Per-arm sample size — patients in each treatment arm
Total sample size — sum across arms
Enrolment target — adjusted for expected dropouts and screen failures
Event-driven trials — for survival endpoints, the calculation is event-count driven (e.g., 200 PFS events) and sample size flows from accrual + event-rate assumptions

Common software: nQuery, PASS, SAS PROC POWER, R packages (rpact for adaptive designs, gsDesign for group-sequential designs, samplesize for general-purpose calculations).

Why it matters. Sample size determines cost, duration, and feasibility. Under-powered trials waste resources on non-results; over-powered trials waste patients (an ethical concern) and time. The defensibility of sample-size decisions is increasingly important under Project Optimus.

Where Flusso fits. Sample size and power analyses become reproducible artefacts rather than ad hoc Excel / SAS outputs. Versioned computation envelopes capture every assumption and result; export pipelines produce regulator-ready documentation.

Related: Power analysis · Project Optimus

Adaptive design¶

Definition. A clinical trial design that allows pre-specified modifications to the trial based on accumulating data — without compromising the trial's statistical validity or operational integrity. Modifications can include sample size re-estimation, treatment-arm selection, dose adjustment, or population enrichment.

In practice. Common adaptive design types:

Group-sequential design — pre-planned interim analyses with stopping rules for efficacy or futility
Sample size re-estimation — interim analysis updates sample size based on observed variability
Adaptive randomisation — treatment assignment ratios adjust based on accumulating efficacy data
Treatment-arm selection (drop-the-loser) — early-phase trials drop underperforming arms
Population enrichment — restrict enrolment to patients showing benefit signals
Master protocols (basket, umbrella, platform) — adaptive trial structures across multiple indications or treatments

Common software: rpact (R package), East (Cytel), ADDPLAN (Aptiv).

Why it matters. Adaptive designs can reduce trial cost and duration substantially when used appropriately, and have become increasingly mainstream in oncology over the past decade. They require sophisticated upfront planning and ongoing operational discipline.

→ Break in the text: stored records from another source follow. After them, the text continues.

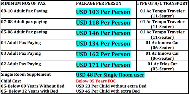 • In case on any currency fluctuations or amendment in local Government taxes, or any fuel hike, we reserve the right to adjust the tour price accordingly.
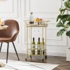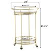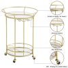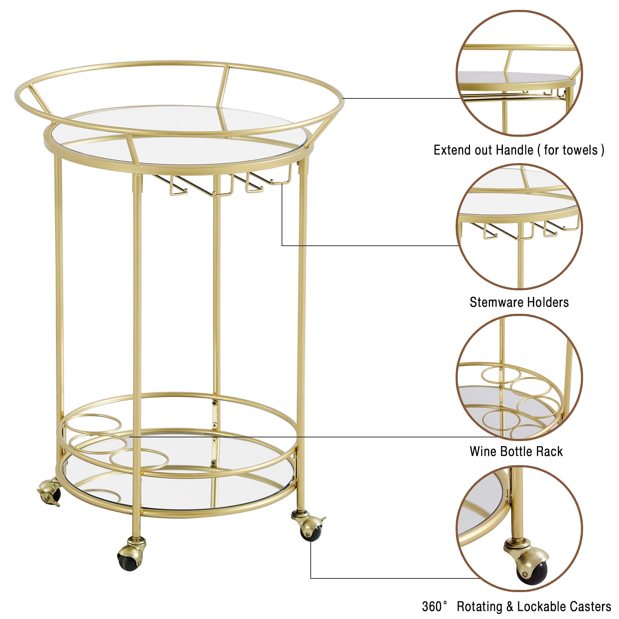 • 【Modern Design】: The golden dining cart features a round metal frame with bright colors and beautiful glass surface for originality.   The mirror design with gorgeous texture and waterproof andeasy to clean.   The cute little bar cart looks really great and fits any indoors and outdoors style.
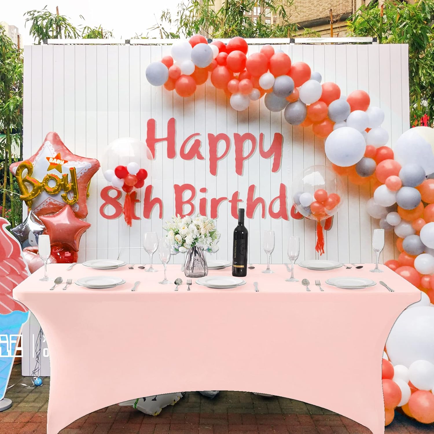 SuperO Waterproof Spandex Table Cover for 4FT Table Universal Fitted Stretch Tablecloth for Party, Banquet, Wedding and Events-Blush Pink
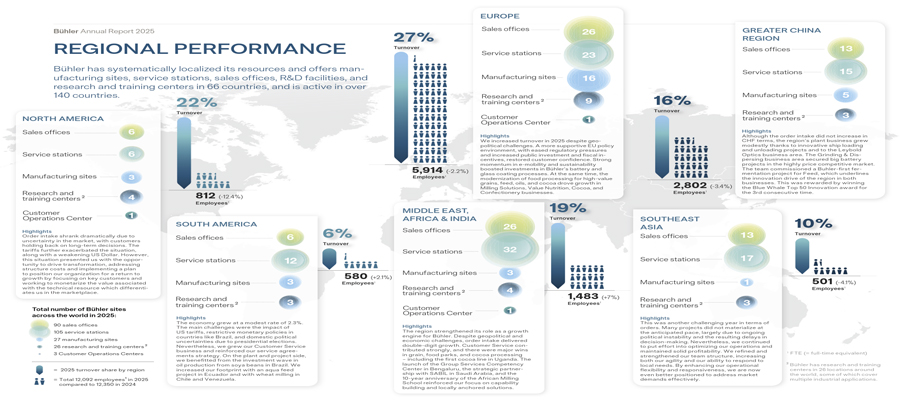 Bühler’s global setup and network remained balanced, with some regional shifts. US order intake declined by 31% amid tariff-related uncertainty and customers deferring investments in plants and solutions. The strongest growth in turnover originated from Africa, which for the first time became the largest region for Bühler’s food and feed businesses. The continued strength of the Middle East, Africa & India region – with particularly high growth in Africa and the Middle East – in part offsets slower performance in the Americas and Asia.
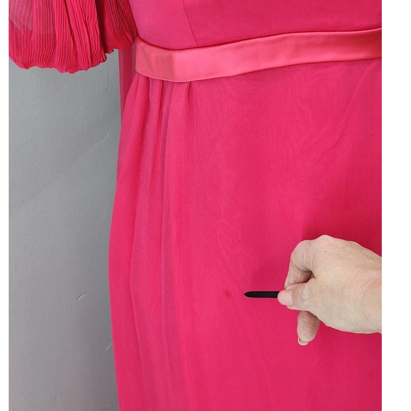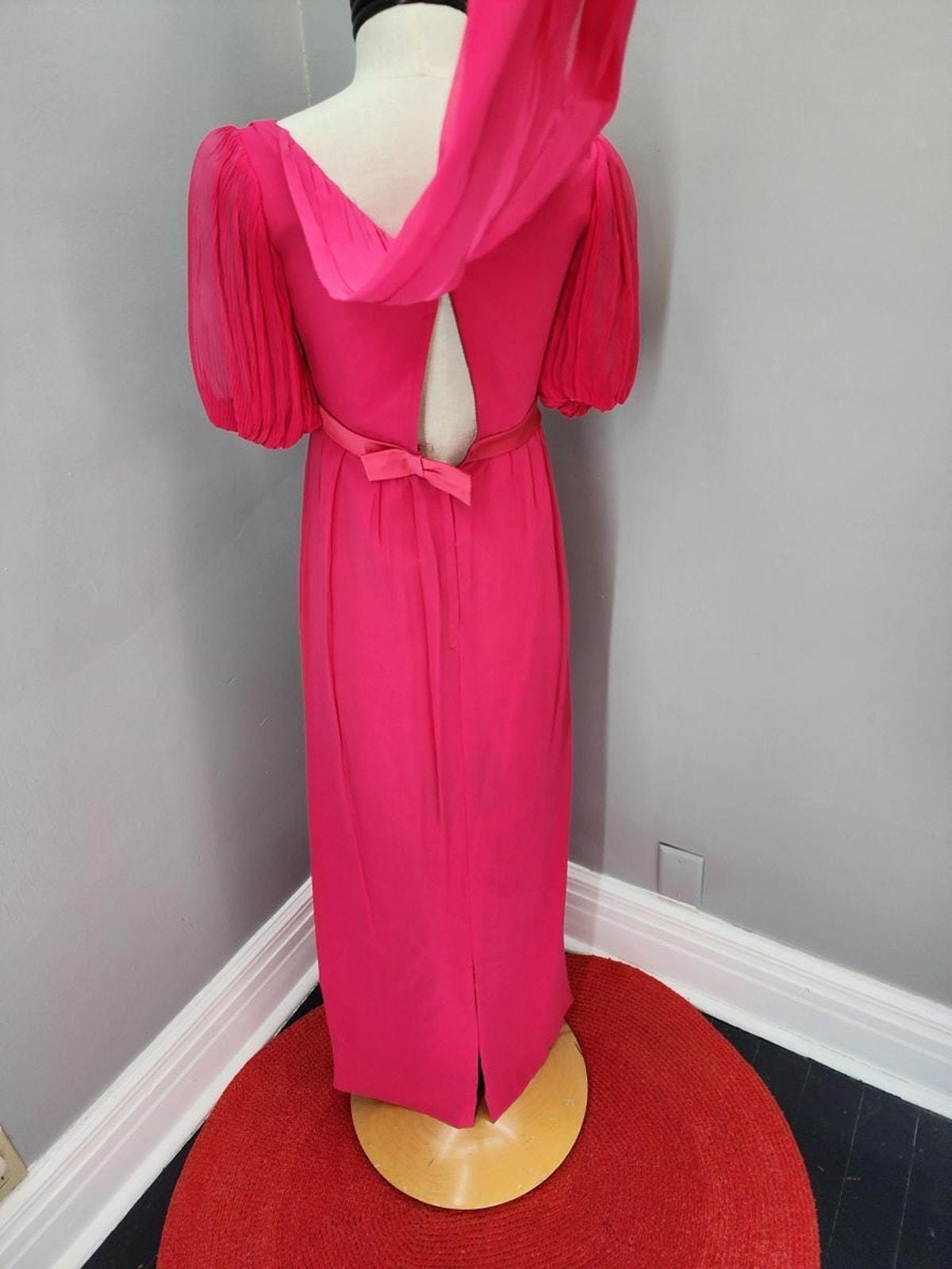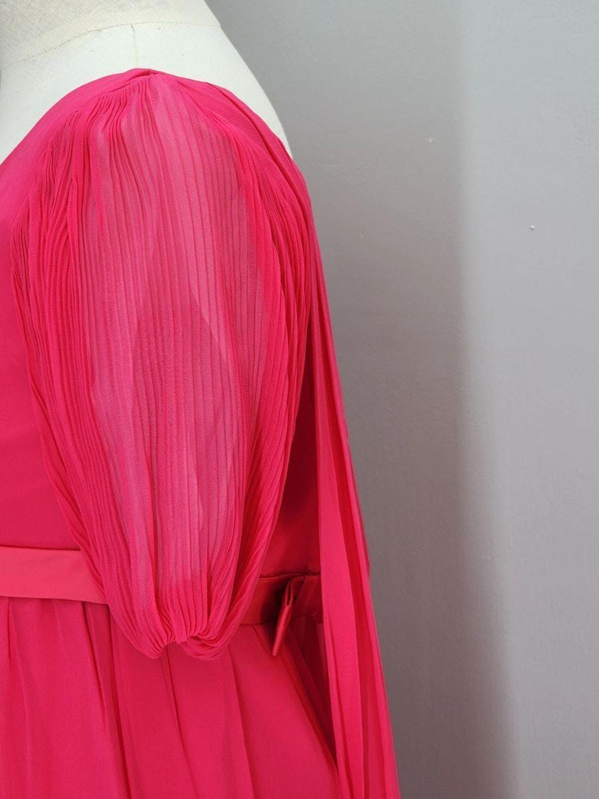 This sweet gown has accordion pleated, puffy chiffon sleeves, chiffon watteau train that hangs from the shoulders, 16" metal zipper in back.

Where Flusso fits. Adaptive design decision points are exactly the kind of high-stakes, defensibility-critical analyses where versioned computation envelopes pay off. Every decision (continue, stop, adapt) needs a reproducible analytical record for regulatory defence.

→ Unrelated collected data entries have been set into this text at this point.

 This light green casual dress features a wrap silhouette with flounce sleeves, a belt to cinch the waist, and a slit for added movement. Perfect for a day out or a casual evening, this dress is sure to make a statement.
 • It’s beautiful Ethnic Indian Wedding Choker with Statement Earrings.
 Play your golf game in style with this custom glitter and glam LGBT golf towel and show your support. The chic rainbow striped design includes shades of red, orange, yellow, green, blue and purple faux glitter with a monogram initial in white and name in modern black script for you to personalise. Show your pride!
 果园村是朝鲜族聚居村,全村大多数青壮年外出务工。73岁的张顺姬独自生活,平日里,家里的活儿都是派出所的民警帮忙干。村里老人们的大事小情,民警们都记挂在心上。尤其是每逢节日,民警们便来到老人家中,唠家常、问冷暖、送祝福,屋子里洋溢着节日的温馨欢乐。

Related: Power analysis · Sample size calculation · DSMB

MTD vs RP2D¶

Definition. Two related but distinct concepts in oncology dose-finding:

MTD (Maximum Tolerated Dose) — the highest dose at which dose-limiting toxicities (DLTs) occur in fewer than a defined fraction of patients (often 33%). Historical anchor for oncology dose selection.
RP2D (Recommended Phase 2 Dose) — the dose recommended for further development. Increasingly distinct from MTD because the RP2D may be lower than MTD when the lower dose has equivalent efficacy with better tolerability.

In practice. Historically, oncology Phase 1 trials selected the MTD as the RP2D and proceeded directly. Under Project Optimus, the RP2D is now expected to be selected through evaluation of multiple doses with PK/PD and benefit-risk analysis — not simply equal to MTD.

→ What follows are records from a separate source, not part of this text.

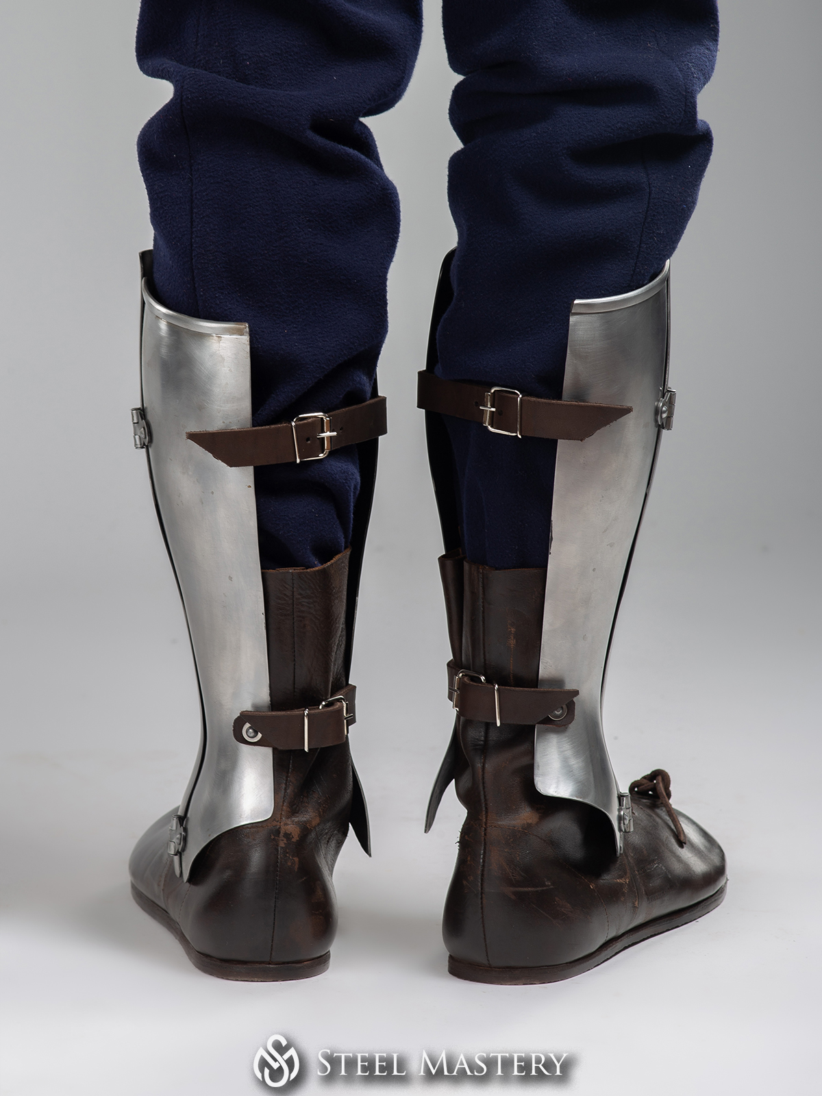 Greaves have hinges on the outer side and leather belts with buckles for fastening installed on the inner part of plate leg armor.
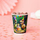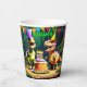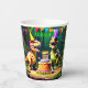Dino four colourful dinosaur birthday party tableware personalised template party cups, dinosaurs wearing party hats with a birthday cake dinosaur birthday paper cups
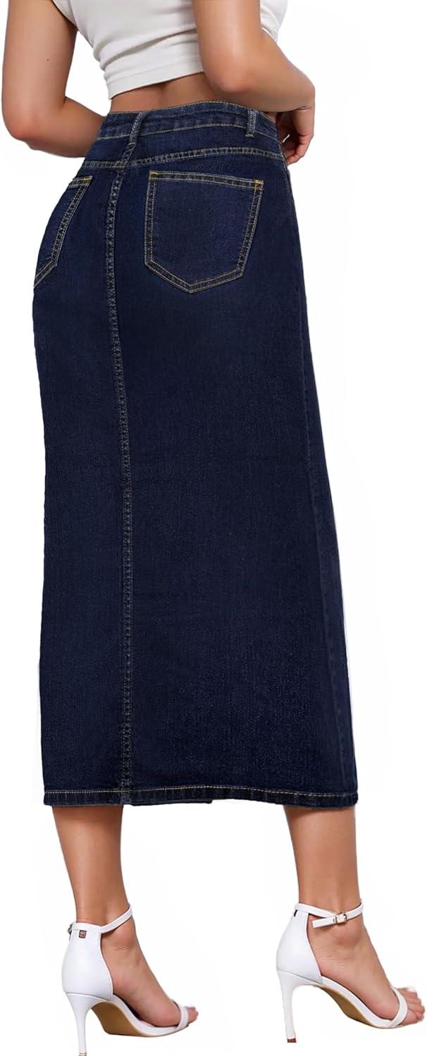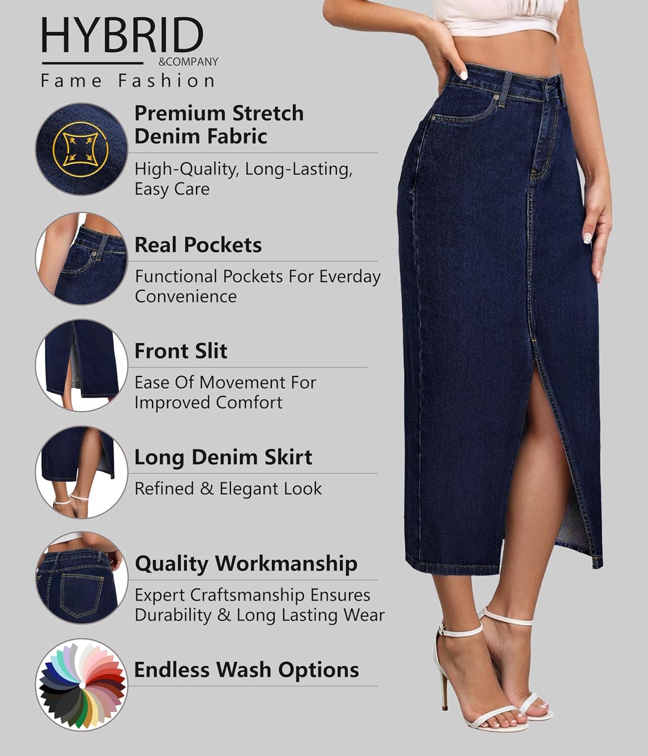 Hybrid & Company Women’s Long Denim Skirt – Stretch Jean Skirt for Office and Casual Wear(Indigo)

For Adagene's muzastotug, the Phase 2 study evaluating 10 mg/kg vs. 20 mg/kg is precisely this dose-comparison work — selecting the RP2D for Phase 3, which may or may not be the higher dose tested.

Why it matters. The shift from MTD = RP2D to evidence-based RP2D selection is one of the most consequential changes in oncology development of the past decade. Defending the RP2D selection at the end-of-Phase-2 FDA meeting is now a critical analytical exercise.

Where Flusso fits. RP2D selection requires aggregating safety, PK, PD, and efficacy data across multiple cohorts and presenting a defensible rationale. The same evidence-aggregation infrastructure that supports milestone evidence packets supports RP2D defence packs.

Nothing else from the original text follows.